===== Input data =====

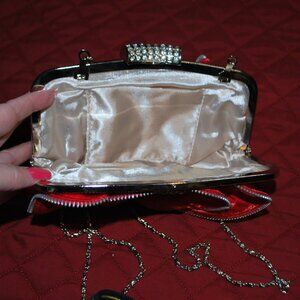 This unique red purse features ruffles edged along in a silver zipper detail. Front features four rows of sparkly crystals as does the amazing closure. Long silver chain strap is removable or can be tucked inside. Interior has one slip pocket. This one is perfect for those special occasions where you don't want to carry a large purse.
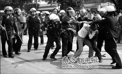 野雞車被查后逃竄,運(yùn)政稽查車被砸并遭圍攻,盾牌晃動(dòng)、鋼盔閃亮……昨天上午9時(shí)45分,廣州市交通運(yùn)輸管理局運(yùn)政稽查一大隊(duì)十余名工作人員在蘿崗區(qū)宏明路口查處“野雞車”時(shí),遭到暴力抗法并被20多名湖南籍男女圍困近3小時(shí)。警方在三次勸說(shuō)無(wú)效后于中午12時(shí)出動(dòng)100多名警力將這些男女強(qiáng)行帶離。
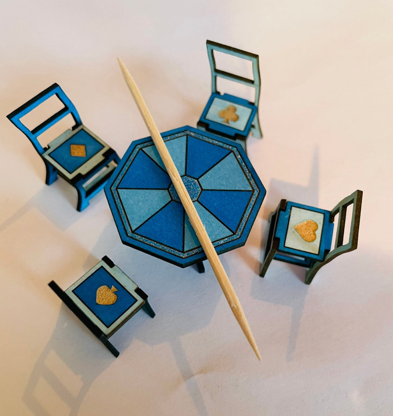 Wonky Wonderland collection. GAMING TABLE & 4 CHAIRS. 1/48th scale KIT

=====

# Instructions to follow
Images should not appear in the copy; retype the listing above exactly.

# Exercise solution
 This unique red purse features ruffles edged along in a silver zipper detail. Front features four rows of sparkly crystals as does the amazing closure. Long silver chain strap is removable or can be tucked inside. Interior has one slip pocket. This one is perfect for those special occasions where you don't want to carry a large purse.
 野雞車被查后逃竄,運(yùn)政稽查車被砸并遭圍攻,盾牌晃動(dòng)、鋼盔閃亮……昨天上午9時(shí)45分,廣州市交通運(yùn)輸管理局運(yùn)政稽查一大隊(duì)十余名工作人員在蘿崗區(qū)宏明路口查處“野雞車”時(shí),遭到暴力抗法并被20多名湖南籍男女圍困近3小時(shí)。警方在三次勸說(shuō)無(wú)效后于中午12時(shí)出動(dòng)100多名警力將這些男女強(qiáng)行帶離。
 Wonky Wonderland collection. GAMING TABLE & 4 CHAIRS. 1/48th scale KIT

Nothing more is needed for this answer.